China has officially discontinued the use of financial resources to cover the high cost of open access to periodicals (oas) and as an opportunity to promote an autonomous academic evaluation system. This is not a closed country, but a sobering adjustment to academic monopolies and malformations, aimed at spending on scientific research。
Stop paying the price: why did you do it
For a long time, chinese researchers have published their papers in top international journals, not only at no cost, but also at the expense of tens of thousands of copies. In the case of nature-communications, the single-page cost of $7350 (approximately rmb 52,000) is sufficient to free up start-up funds for a small project。

It is even more noteworthy that nearly 40 per cent of these periodicals come from chinese authors — who contribute to the core results — while paying for the “double profit” model of western publishers: they collect both publishing fees and the right to read and reap the global funds for research。
This has led to two salient issues:
The policy is very restrained: rather than prohibiting contributions, it is clear that financial resources are not paid for the premium — researchers can still make their own contributions through horizontal subjects, corporate funds, etc., but public funds no longer flow to the “air prices journal”。
Promoting self-evaluation: how to break through
Discontinuation of the high-charged version of the page and direct pressure on domestic academic evaluation to move from “what to what” to “what to achieve”. More critically, china is accelerating the construction of an autonomous evaluation system to break the overdependence on western standards。
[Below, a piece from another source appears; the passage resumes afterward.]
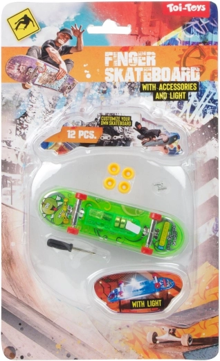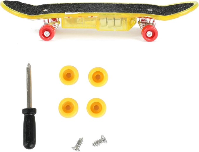 Ten palcowy skateboard łączy atrakcyjny design z praktycznymi funkcjami. Przezroczysta plastikowa deska z powierzchnią typu grip zapewnia stabilność palców, a czerwone kółka i metalowe trucki gwarantują płynną jazdę. Zintegrowane światło LED dodaje trikom efektu i frajdy nawet przy słabszym oświetleniu.

For example, in 2026,** the eastern wall index** was issued as a standard for the evaluation of periodicals developed by china on its own initiative, covering 127,000 periodicals in 10 key disciplines worldwide. Using a new method of “retrospective + gradualization of the network of seed journals”, it is no longer known as a hero, but rather as a discipline-specific expression — which is more closely related to scientific practice and allows evaluation to return to the outcome itself。
At the same time, national scientific institutions are exploring multiple evaluation:
Together, these initiatives have contributed to the deepening of the “new and new” reforms。
Impact and future: reshaping rules
As a result, the international publishing community was shaken. Since chinese authors are “core contributors” to a number of high-cost periodicals, the percentage of manuscripts remains between **28 and 41 per cent** per year, with some disciplines even over half. For the first time in a number of publisher's financial statements, there was a “china contribution downside risk”, with some actively approaching domestic laboratories to explore adjustments in the rates。
Behind this is a shift in china’s attitude in science and technology: from the past, when china was “upgraded” into the international system, to today’s more proactive engagement in rules games. As the commentary points out, a mature scientific and technological power cannot be simply the recipient of the rules, but rather the participant and shaper of the rules。
Discontinuation of the daily price bill, which appears to be a cutting at the economic level, is a reshaping of the academic ecology. It allows researchers to focus more on innovation than on writing; it also creates space for home-grown journals and autonomous platforms to grow. This “one cut” cut off the price premium and raised the question of china's scientific research seeking to be self-sufficient in its openness。